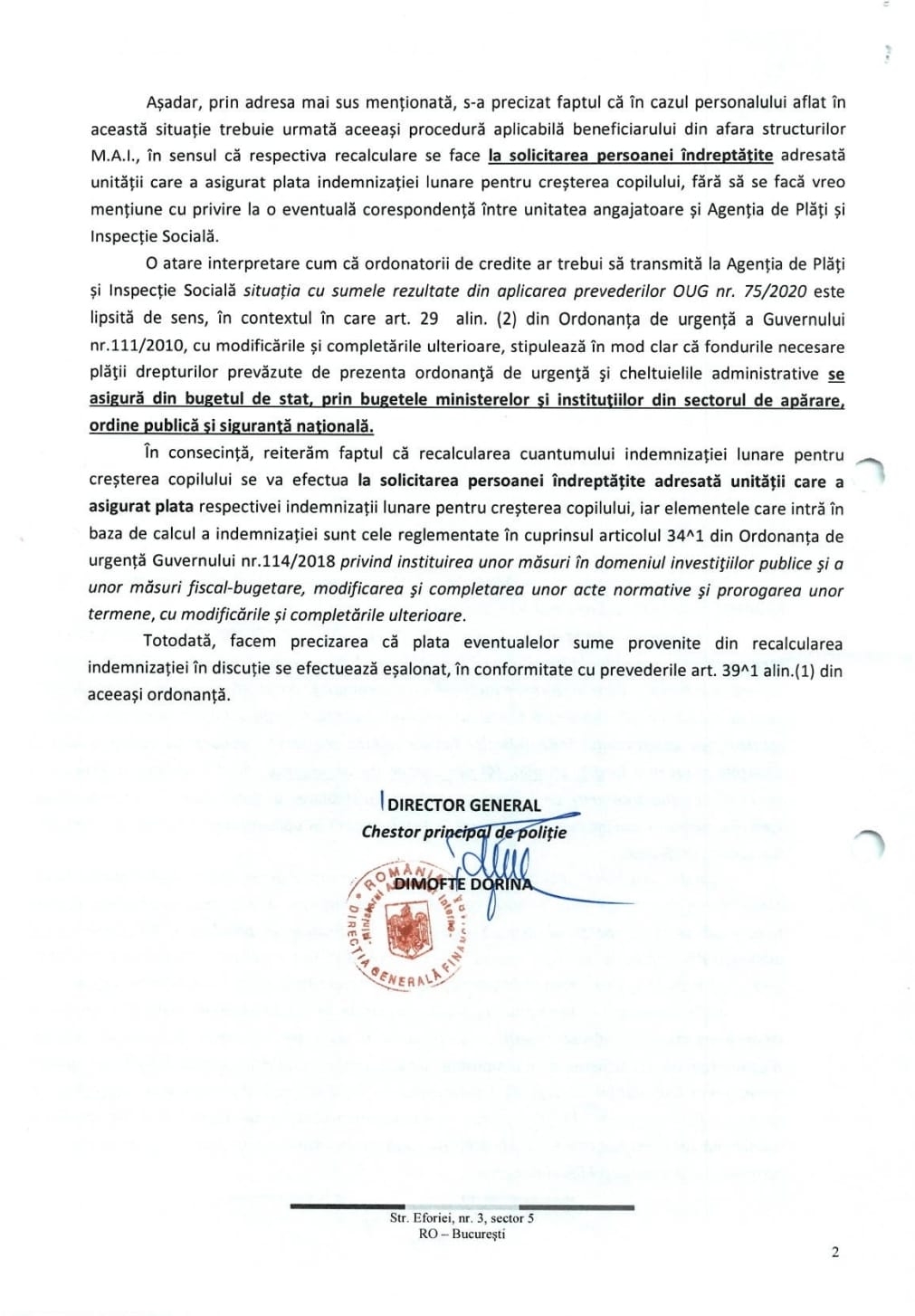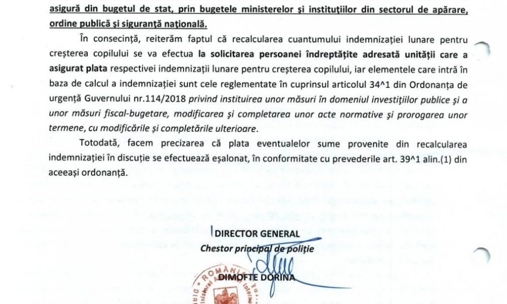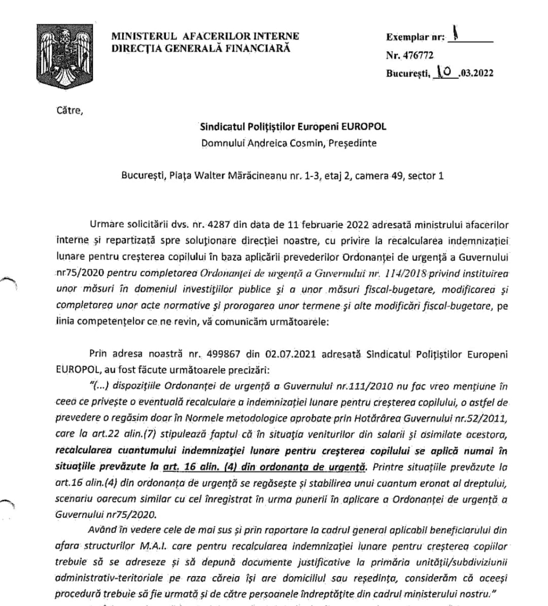 La sesizarea membrilor noștri de sindicat am solicitat MAI-ului lămuriri cu privire la modul de punere în plată a acestor drepturi. Astfel, niciun inspectorat de poliție nu a recalculat automat indemnizația de creștere a copilului pentru cei care au avut ca bază de calcul perioada 2017-2020 ca urmare a efectelor OUG 75/2020, acest lucru făcându-se doar la solicitarea expresă a polițistului. Toți colegii aflați în această situație trebuie să se adreseze printr-un raport structurilor financiare de care aparțin pentru recalcularea indemnizației, mai mentioneaza sursa citata. (Cristina T.).
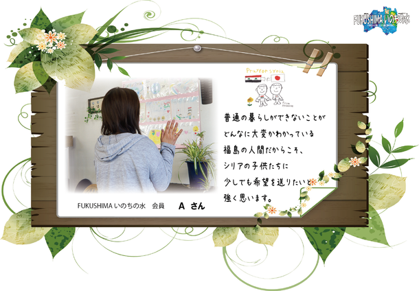普通の暮らしが出来ないことが、どんなに大変なことか分かっている福島の人間だからこそ、シリアの子ども達に、何か少しでも希望を送りたいと強く思います。
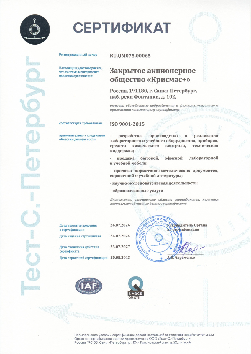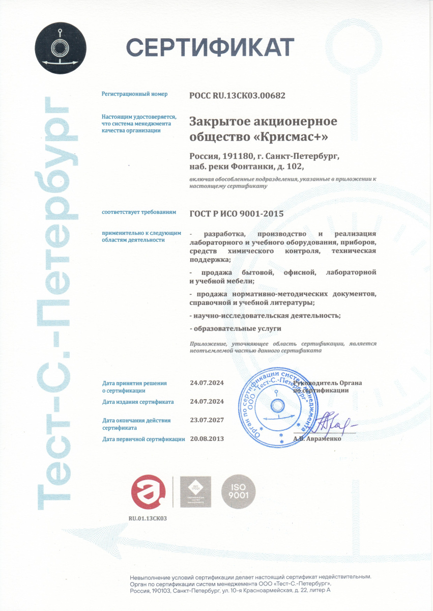 Подтверждение сертификатов позволяет ГК «Крисмас» укрепить свои позиции на рынке лабораторного и учебного оборудования. Компания демонстрирует способность эффективно управлять процессами, внедрять инновации и реагировать на запросы клиентов. Сертификаты ISO 9001-2015 открывают новые возможности для участия в тендерах и расширения географии продаж. Для клиентов подтверждение сертификатов – это дополнительная гарантия качества продукции и услуг. Компания продолжает совершенствовать свои процессы, чтобы предложить заказчикам широкий ассортимент оборудования, комплексные решения и высокий уровень сервиса.

•••

Problem statement:
Leave the pictures out, and copy exactly each line from the one containing "普通の暮らしが出来ないことが" through the final line of the data.

Solution below:
普通の暮らしが出来ないことが、どんなに大変なことか分かっている福島の人間だからこそ、シリアの子ども達に、何か少しでも希望を送りたいと強く思います。
 Подтверждение сертификатов позволяет ГК «Крисмас» укрепить свои позиции на рынке лабораторного и учебного оборудования. Компания демонстрирует способность эффективно управлять процессами, внедрять инновации и реагировать на запросы клиентов. Сертификаты ISO 9001-2015 открывают новые возможности для участия в тендерах и расширения географии продаж. Для клиентов подтверждение сертификатов – это дополнительная гарантия качества продукции и услуг. Компания продолжает совершенствовать свои процессы, чтобы предложить заказчикам широкий ассортимент оборудования, комплексные решения и высокий уровень сервиса.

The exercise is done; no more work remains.